How do you simplify #root(3)(135+78sqrt(3))+root(3)(135-78sqrt(3))# ?

2 Answers
Apr 20, 2018

Answer:

#root(3)(135+78sqrt(3))+root(3)(135-78sqrt(3)) = 6#

Explanation:

Let:

#x = root(3)(135+78sqrt(3))+root(3)(135-78sqrt(3))#

Then:

#x^3 = (135+78sqrt(3))+(135-78sqrt(3))+3(root(3)(135+78sqrt(3))root(3)(135-78sqrt(3)))(root(3)(135+78sqrt(3))+root(3)(135-78sqrt(3)))#

#color(white)(x^3) = 270+3(root(3)(135^2-78^2(3)))x#

#color(white)(x^3) = 270+3(root(3)(18225-18252))x#

#color(white)(x^3) = 270+3(root(3)(-27))x#

#color(white)(x^3) = 270-9x#

So:

#x^3+9x-270 = 0#

By the rational roots theorem, any rational roots of this cubic are expressible in the form #p/q# for integers #p, q# with #p# a divisor of the constant term #-270# and #q# a divisor of the coefficient #1# of the leading term.

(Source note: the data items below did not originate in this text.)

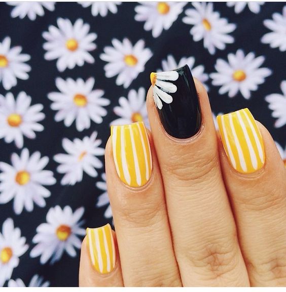 Très glamour et moderne ressemble à une manucure avec des marguerites en combinaison avec des motifs géométriques. Utilisez souvent des bandes, des points ou des cercles différents. Lorsque vous effectuez une manucure à rayures avec des marguerites, vous pouvez utiliser des rubans spéciaux, puis appliquer des marguerites de tailles et de formes choisies.
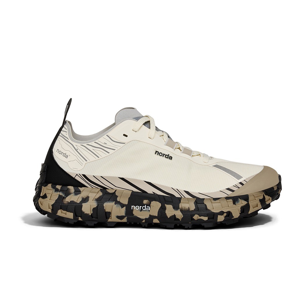 Norda 001A 'Abyss' สีที่ออกแบบมาเพื่อคนรักความเท่แบบ Low-key ตัวรองเท้ามาในโทนสีครีม Off-white ที่ดูสะอาดตา แต่ไฮไลท์เด็ดอยู่ที่พื้น Midsole ลายพราง (Camo) โทนสีน้ำตาล-ดำ ที่ดูเหมือนลวดลายของหินในหุบเขาลึก
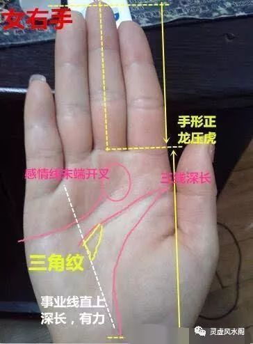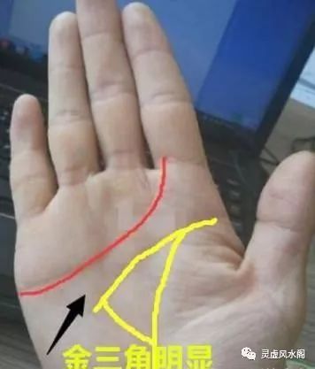 手心三角纹。手心三角纹属于大财库,财库紧闭,家财资方来聚,注定财产日渐丰厚,无论是工作或者生活上,都会财源滚滚。如果手上同时有大小两个三角纹套叠在一起更加财运旺盛,就像这位命主一样,手相各方面都比较吉利,事业上一开始工作就收入不错,后运更加丰厚。
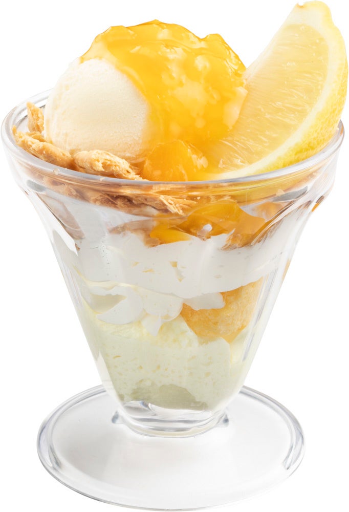 今回の新商品は、レモンとオレンジの爽やかさと、濃厚なレモンバタークリームがレアチーズアイスにマッチする初夏にぴったりなパフェです。特にこだわったポイントは、レモンバタークリーム。北海道産のバターにイタリア産レモン果汁を加え、丁寧に炊き込んだレモンバタークリームは濃厚で、果肉入りのオレンジソースと相性抜群です。濃厚なレモンクリームに、レアチーズアイスにかかるオレンジソース、さらに中にはサクサク食感を楽しめるパイクラムもあり、様々な食感を楽しめるパフェが登場します。レモンをお客様に絞っていただくことでよりフレッシュな香り・爽やかさもお楽しみいただけます。
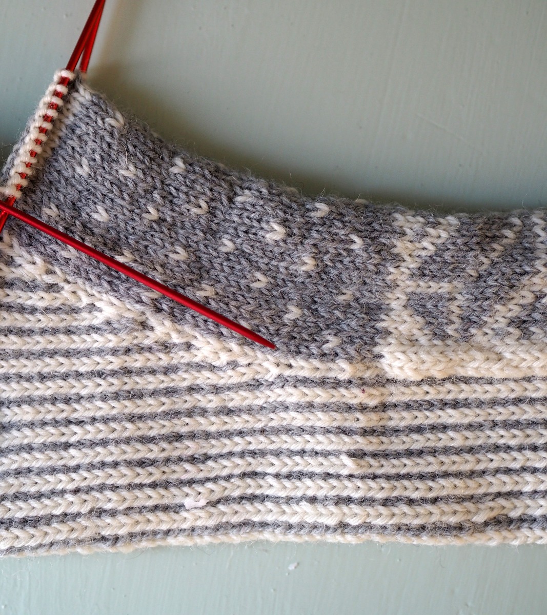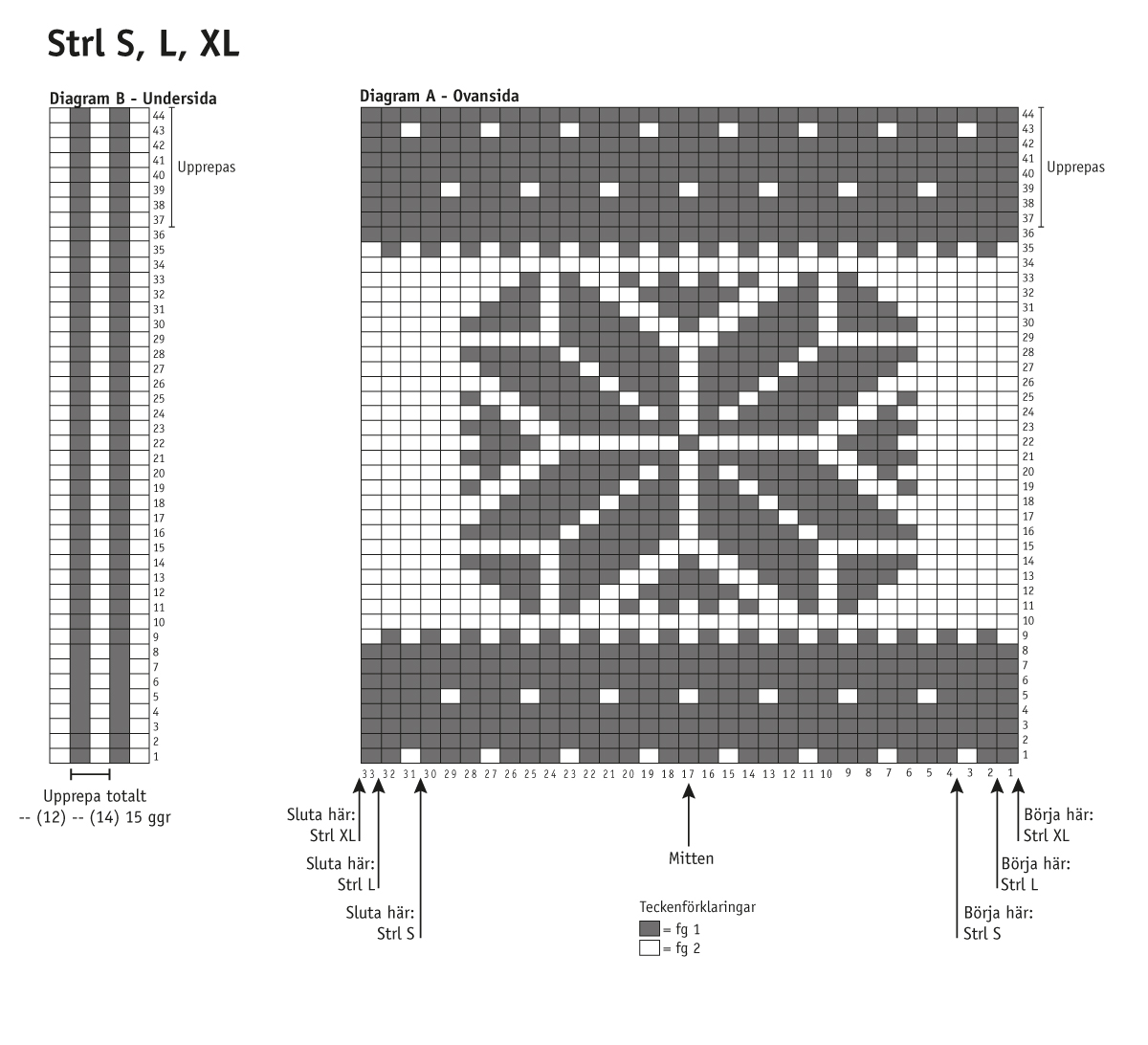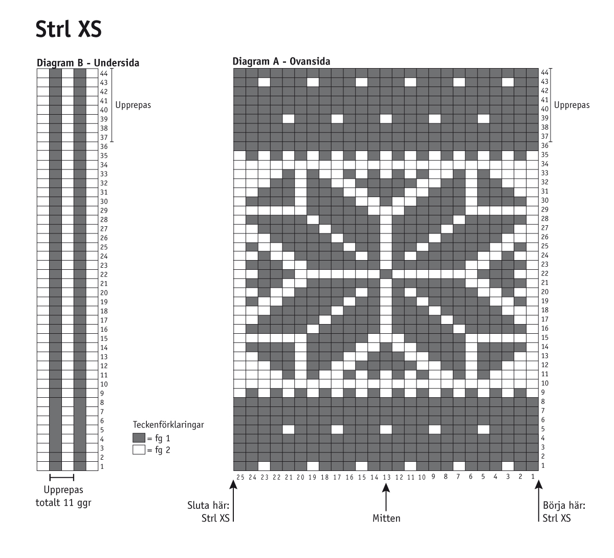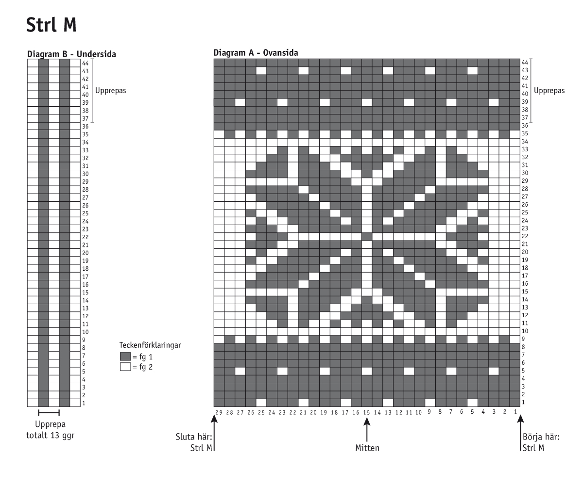 Varv 1: Ovansida: Räta maskor enligt diagram. Undersida: Sticka 1 rm i tidigare randning, öka 1v (gör ökningen i den färg som avviker från följande ordinarie maska, dvs: om följande maska är vit så ska ökningen göras grå och vice versa), sticka rm till 1 m återstår, öka 1h (gör ökningen i den färg som avviker från föregående ordinarie maska, dvs: om föregående maska är vit så ska ökningen göras grå och vice versa), 1 rm.
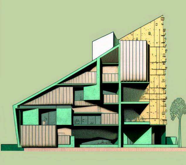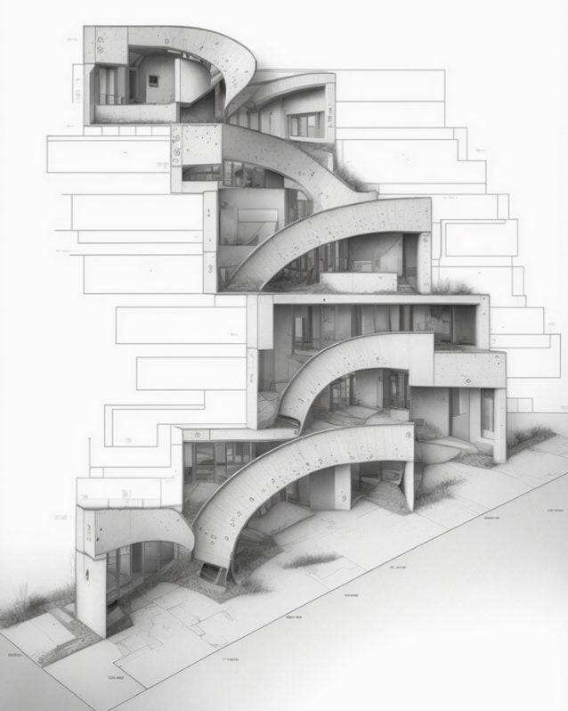 Prompt: CAD drawing cad floorplan glitched together with a section and an elevation of a post modern memphis building
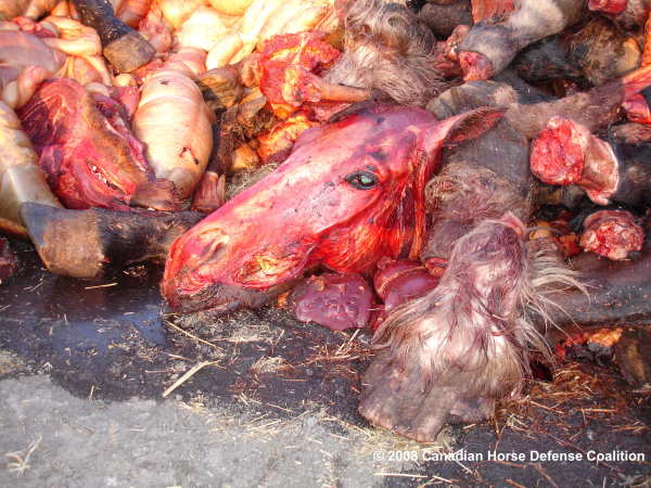 Skinned head and broken hoof in Rendering Pit of Natural Valley Farms horse slaughterhouse in Neudorf, Saskatchewan.
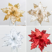 圣诞节装饰品仿真圣诞花塑料花绒布花圣诞树配件挂饰金粉场景布置
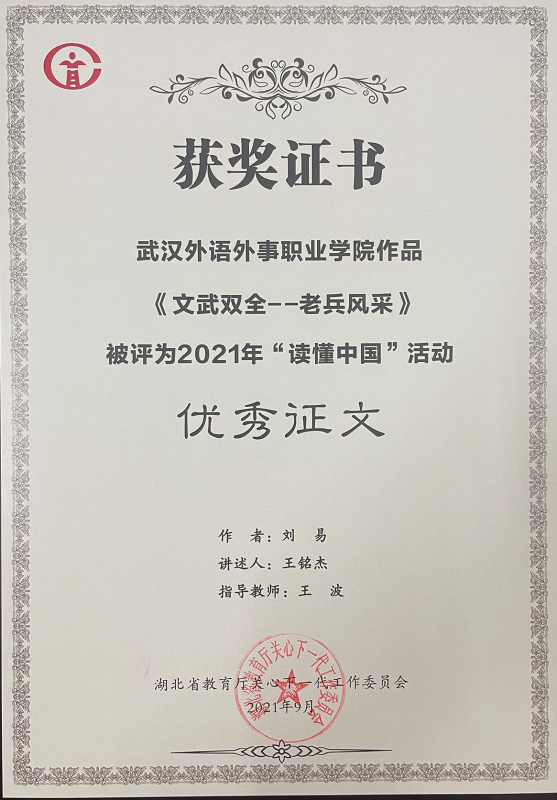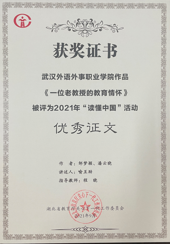 我院获奖征文《一位老教授的教育情怀》由教师喻互助讲述,学生邹梦颖、潘云晓撰写;《文武双全——老兵风采》由教师王铭杰讲述,学生刘易撰写。
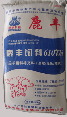 B、育肥羊濃縮飼料:執(zhí)行標(biāo)準(zhǔn)Q/BLFS02-2013,主要原料組成:豆粕、菜粕、棉粕、DDGS、石粉、磷酸氫鈣、食鹽、復(fù)合預(yù)混料等。產(chǎn)品成分保證值:粗蛋白≧35.0,粗纖維≦14.0,粗灰分≦20.0,鈣1.8-4.0,總磷≧0.8,鹽1.0-2.0,水分≦14.0、賴氨酸≧0.8。
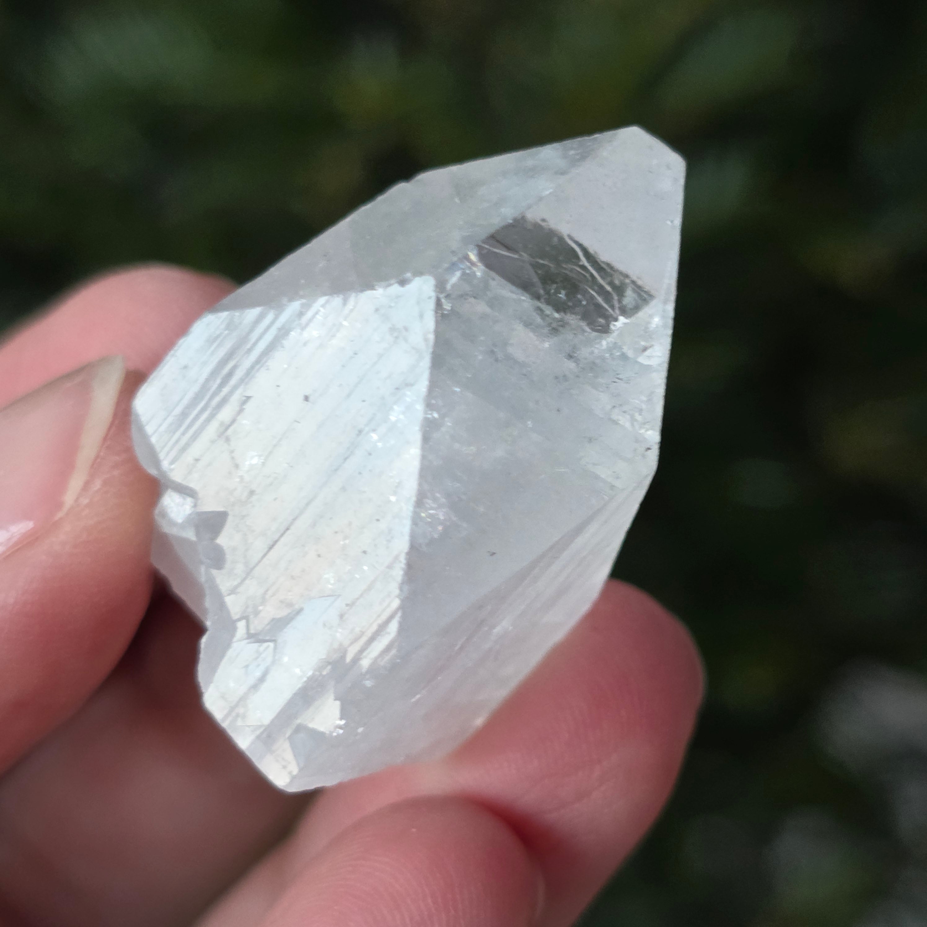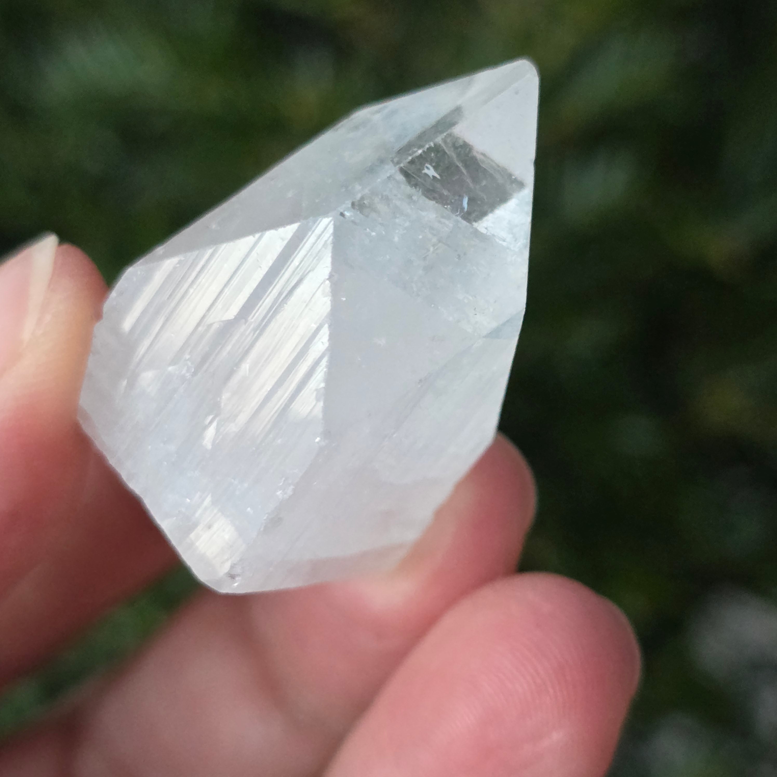 • Culoare: transparent-alb, cu reflexii lucioase și ușoare irizații verzi
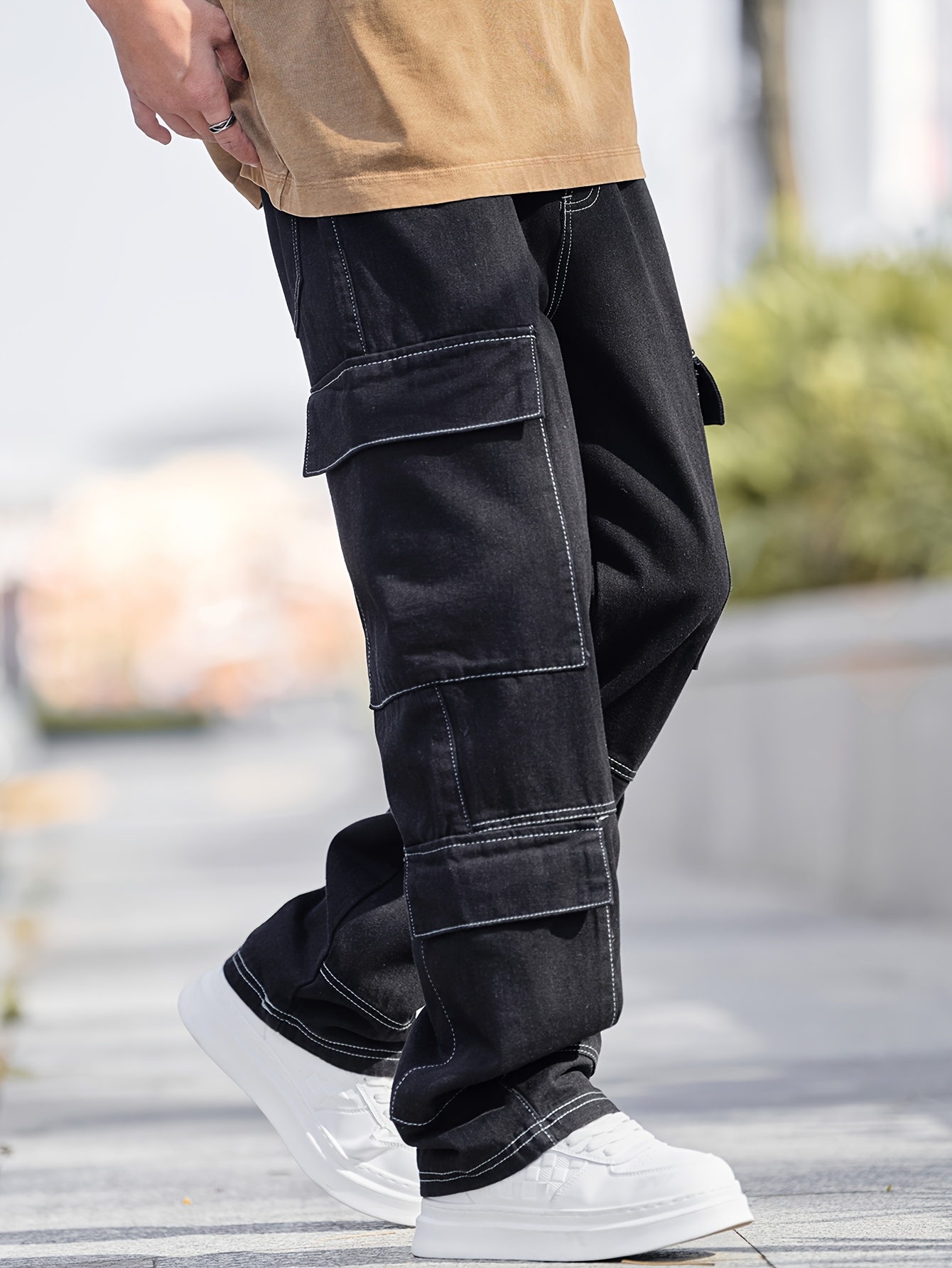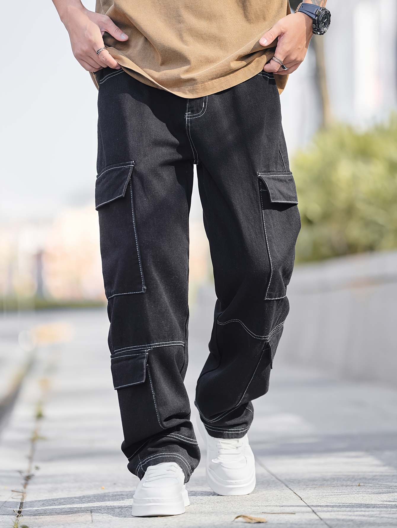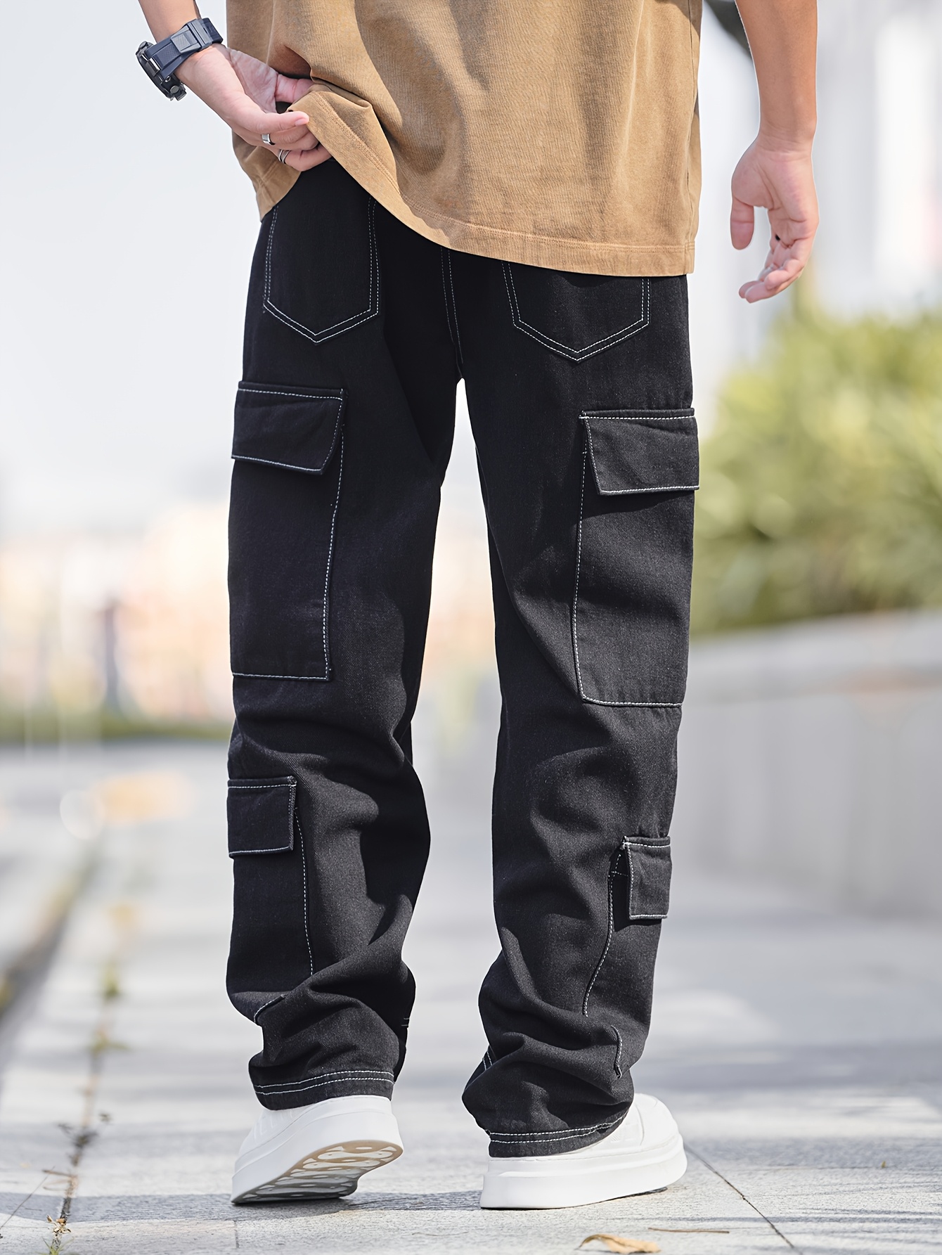 Men'S Street Style Cotton Blend Jeans, Loose Fit Straight Leg Denim Pants, Non-Stretch Solid Color, with Multiple Pockets, for All-Season Trousers

So the first few possible rational zeros are:

#+-1, +-2, +-3, +-5, +-6, +-9, +-10,...#

By Descartes' Rule of Signs, we can tell that the cubic has exactly one positive real root and no negative real zeros, so try the possible positive rational zeros.

We find:

#(color(blue)(6))^3+9(color(blue)(6))-270 = 216+54-270 = 0#

So #x=6# is a root and #(x-6)# is a factor:

#x^3+9x-270 = (x-6)(x^2+6x+45)#

The remaining quadratic has no real zeros (as we can see by looking at its discriminant).

The non-real zeros are actually:

#omega root(3)(135+78sqrt(3))+omega^2 root(3)(135-78sqrt(3))#

and:

#omega^2 root(3)(135+78sqrt(3))+omega root(3)(135-78sqrt(3))#

where #omega = -1/2+sqrt(3)/2i# is the primitive complex cube root of #1#.

So:

#root(3)(135+78sqrt(3))+root(3)(135-78sqrt(3)) = 6#

Apr 20, 2018

Answer:

# 6#.

Explanation:

Let us note that,

#(x+sqrt3y)^3=x^3+3sqrt3y^3+3sqrt3xy(x+sqrt3y)#,

#=x^3+3sqrt3y^3+3sqrt3x^2y+9xy^2#.

# rArr (x+sqrt3y)^3=(x^3+9xy^2)+3sqrt3(x^2y+y^3), or, #

#root(3){(x^3+9xy^2)+sqrt3(3x^2y+3y^3)}=x+sqrt3y#.

So, from this we guess :

If #root(3)(135+78sqrt3)=x+sqrt3y#, then,

#(x^3+9xy^2)=135, and, (3x^2y+3y^3)=78, i.e., #

# x^3+9xy^2=x(x^2+9y^2)=135......(1), and, #

# 3y(x^2+y^2)=78, or, y(x^2+y^2)=26......(2)#.

#y(x^2+y^2)=26=1xx26, or, 2xx13#

By Trial and Error Method, # y=1, x=5;" not suitable for "(1)#

# y=2, x=3" satisfy "(1)#.

Therefore, #root(3)(135+78sqrt3)=x+sqrt3y=3+2sqrt3#.

Consequently, #root(3)(135-78sqrt3)=3-2sqrt3#.

Finally, #root(3)(135+78sqrt3)+root(3)(135-78sqrt3)=6#,

as Respected George C. Sir has already derived!